SOURCE MATERIAL –
——————

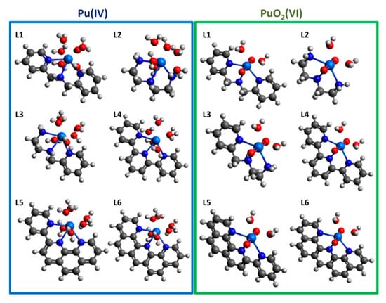 Optimized structures of Pu (IV) and PuO2(VI) with the suggested nitrogen tridentate ligands in aqueous solution (structural chemical formulas and coordinates of all structures are listed in SI).
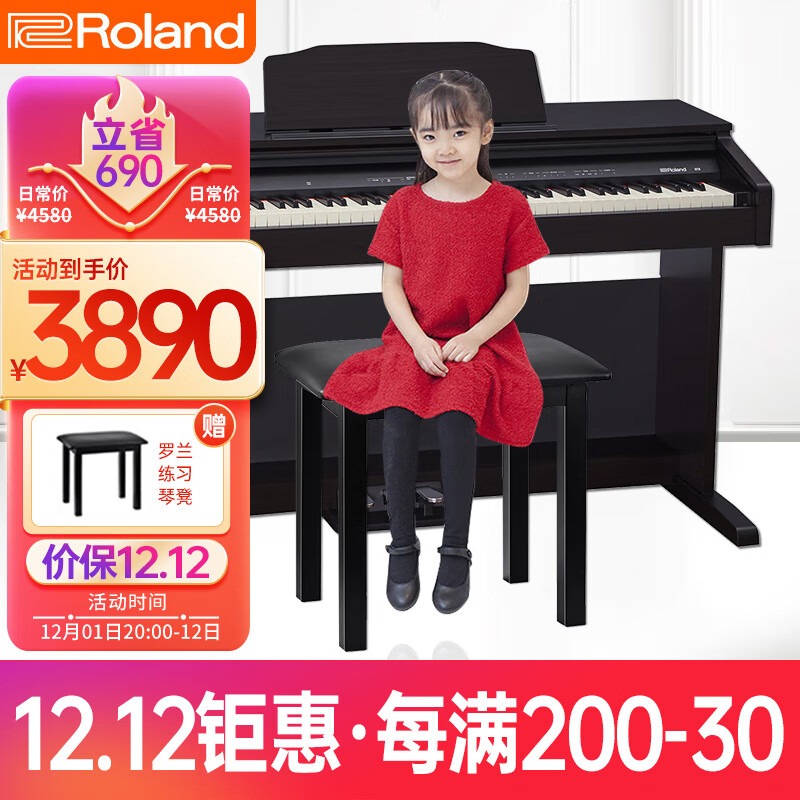 罗兰(Roland)电钢琴RP30智能带盖88键重锤立式数码钢琴黑棕色+原装琴凳价格:4550.00元!
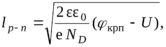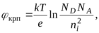 где 0 – энергетическая постоянная; - относительная диэлектрическая постоянная полупроводникового материала; крп - контактная разность потенциалов; Nб – концентрация примесей в базе. Соотношения (1.13) и (1.15) соответствуют несимметричному p-n переходу, для которого NA>>ND=Nб или ND>>NA=Nб.
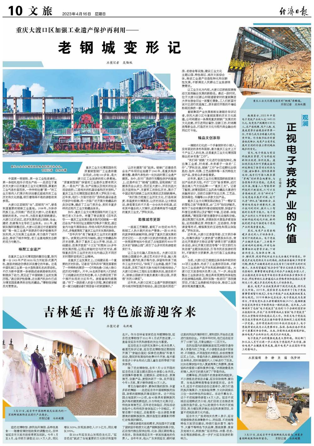当前,大渡口区已梳理出保存条件较好的44项工业遗存,形成了工业遗存项目库,不断加大工业旅游产品开发和旅游线路打造。大渡口区文旅委相关负责人说,下一步,将全面整合工业旅游点位,推出具有观赏性和体验性的旅游精品线路,同时实施一批老旧厂房改建项目,打造工业焕新城市综合体,推动工业旅游实现高质量发展。

——————

PROBLEM –
Please take the lines from the beginning of the data above through the line holding "где 0 – энергетическая" and transcribe them exactly, without any pictures.

TASK SOLUTION –
 Optimized structures of Pu (IV) and PuO2(VI) with the suggested nitrogen tridentate ligands in aqueous solution (structural chemical formulas and coordinates of all structures are listed in SI).
 罗兰(Roland)电钢琴RP30智能带盖88键重锤立式数码钢琴黑棕色+原装琴凳价格:4550.00元!
 где 0 – энергетическая постоянная; - относительная диэлектрическая постоянная полупроводникового материала; крп - контактная разность потенциалов; Nб – концентрация примесей в базе. Соотношения (1.13) и (1.15) соответствуют несимметричному p-n переходу, для которого NA>>ND=Nб или ND>>NA=Nб.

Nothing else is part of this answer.